The third installment in the series was a relatively by the numbers sequel, albeit one that features one of the most iconic moments in the entire franchise, which is of course during Alan Grant’s hallucinatory dream where a velociraptor on an airplane calls him out by name. Jurassic Park III will no doubt remain the lowest-grossing entry for a long time given that the last two earned at least $1.3 billion each a the box office, but it did at least give Sam Neill the chance to go for broke as an action hero.
In a recent interview, though, the actor admitted that he didn’t truly get to grips with the intrepid paleontologist until his second appearance, and downplayed his abilities to embody the rugged adventurer archetype in the process.
“For me, by the the time I got to number three, probably a bit late in the day, I’d sort of worked out how to play that character, which I hadn’t really quite gotten around to in the first one. I was still trying to work out, how do you play that guy in the hat?
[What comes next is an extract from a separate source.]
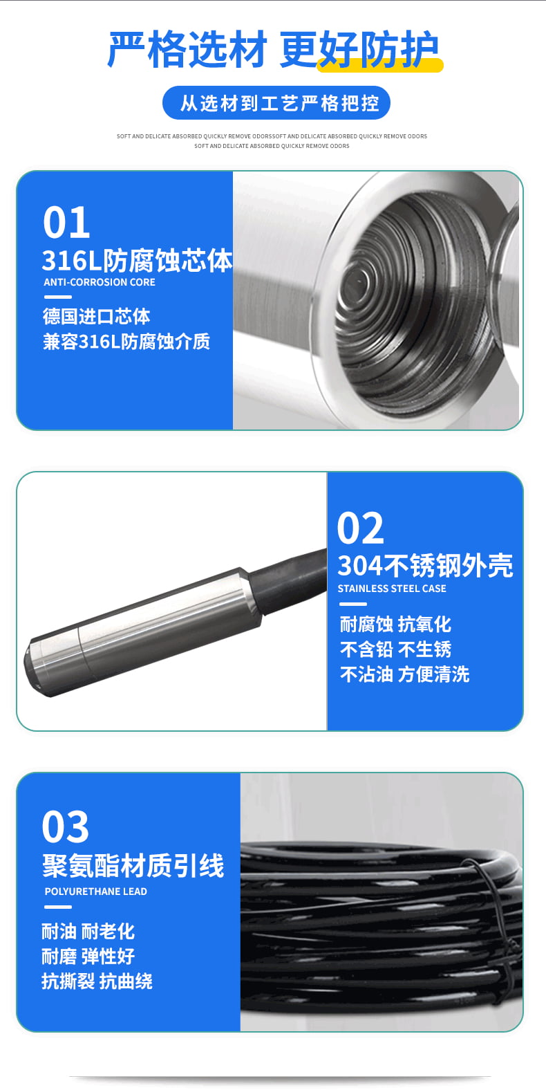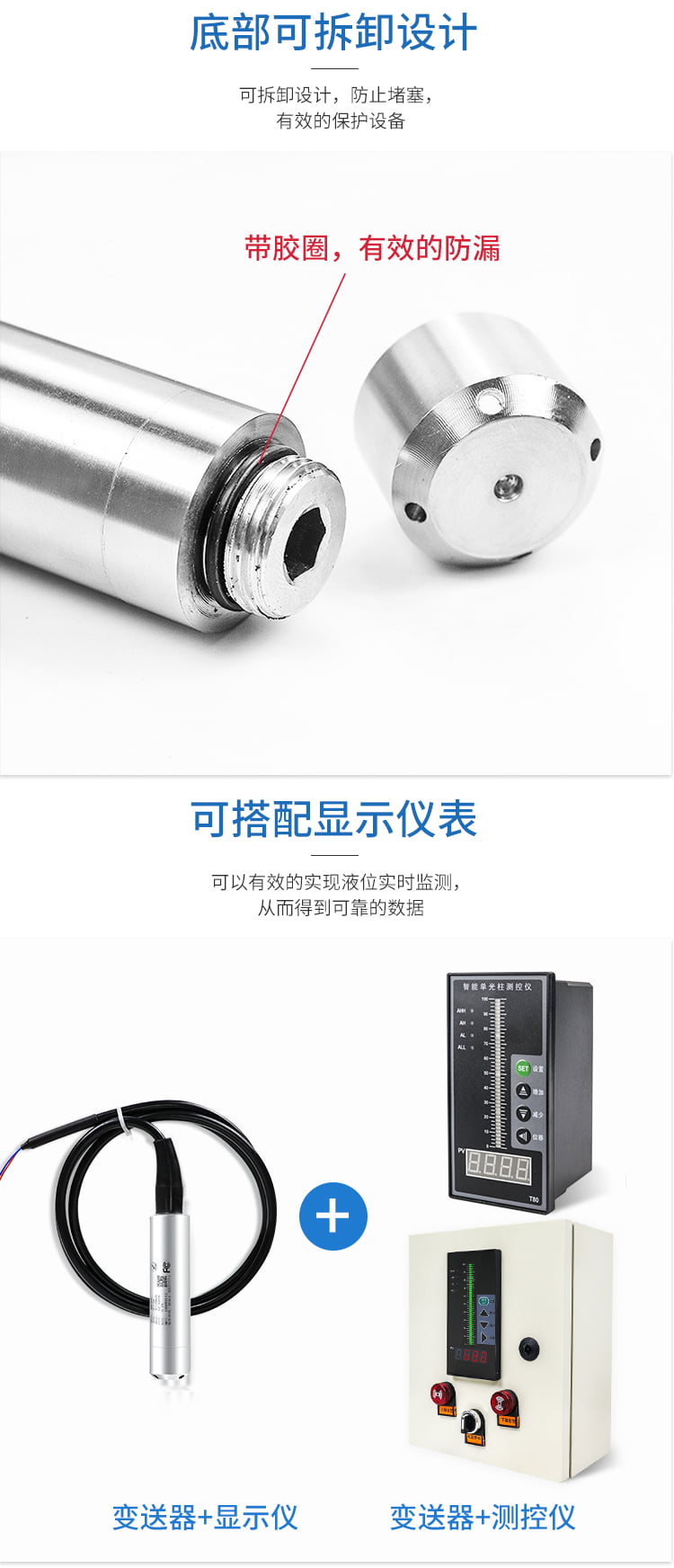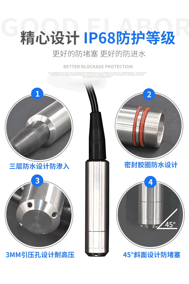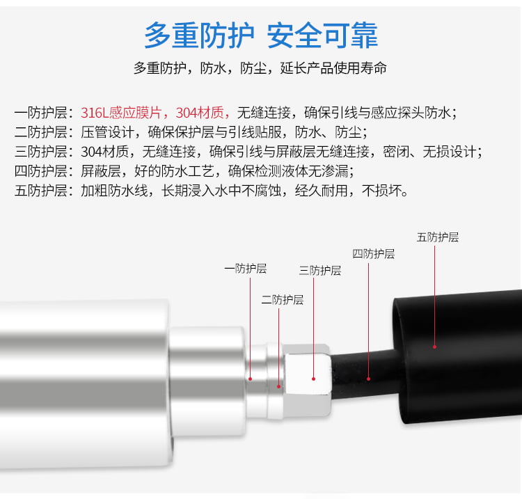 - 普通防护型:防水等级IP67,材质316L不锈钢,适用于洁净水、油类等无腐蚀介质;

Something that comes completely naturally to someone like Harrison Ford. Not naturally to me.
And something that Chris Pratt, fantastic guy, has given a lot of thought to and really worked out how to do it. And you have to think how to do that. It’s a special skill. You’re not just playing a character. You need a whole skill-set. You need a whole armory to play an action hero and I wish I had known what those skills were when we did the first one, but there we are.”
Ironically, Harrison Ford was one of the many names to turn down the role when it was offered around, with Neill far from first in line. William Hurt, Richard Dreyfus and Kurt Russell also reportedly said no before it became the defining part of the New Zealander’s career. Of course, the 73 year-old will be back in next year’s Jurassic World: Dominion, and having finally got to grips with his character two decades ago in Jurassic Park III, it’ll be great for longtime fans to see the original gang reunited once again.